Targeted research and breeding activities with legume vegetable crops in Bulgaria are carried out at the Maritsa Vegetable Crops Research Institute in Plovdiv. The main objective of the breeding work is the collection, identification, study and maintenance of gene sources with valuable economic traits and the creation, through classical breeding and modern methods, of new cultivars with greater adaptive capacity to the specific combination of temperature and photoperiod in our country, resistant to diseases and pests of economic importance for the country, possessing high yield potential, high quality and suitability for mechanized harvesting, intended for different branches of the processing industry.

The garden pea cultivars developed at the Maritsa VCRI are of the wrinkled-seed type and best meet the requirements for high sugar content (about 5%), slow dynamics of carbohydrate metabolism, uniform ripening of the grains and suitability for mechanized harvesting. They have different lengths of the vegetation period: early – Musala, Pulpudeva, Iskar (55–58 days); medium-early (60–70 days) – Hemus, Concord, Hebar, Marsi, Puldin; and late – Plovdivska Perla, Uspeh 72, Vyatovo, Mira (over 72 days).

The developed bean cultivars combine the requirements for mechanized harvesting (Plovdiv) with high pod quality (Zarya), resistance/tolerance to halo blight (Oreol, Perun, Fiesta, Veritsa), bacterial blight, anthracnose, viruses and bean weevil (Tangra, Pagane, Evros).

Broad beans are represented only by local forms. Research work on them is related to the collection of such forms, their study and preservation.
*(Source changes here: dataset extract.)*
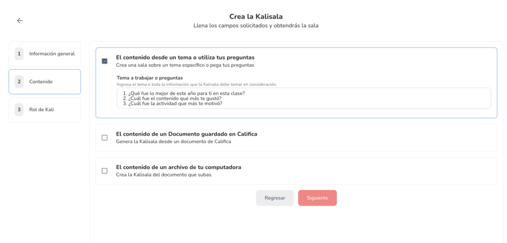 - haz click en “siguiente”. En la próxima parte, debes elegir “El contenido desde un tema o utiliza tus preguntas”. Marca la casilla y justo abajo, escribe las tres preguntas.

Of interest are only cultivars and breeding lines with specific traits that can serve as source material for breeding programmes or for inclusion in the national variety list.

The search for alternative solutions for these crops, adapted to the climate and the changes that have occurred at regional and global level, continues to be a main task in the legume breeding programmes of the Maritsa VCRI in Plovdiv, in support of policy both at national level and specifically for each farm, association and agricultural producer.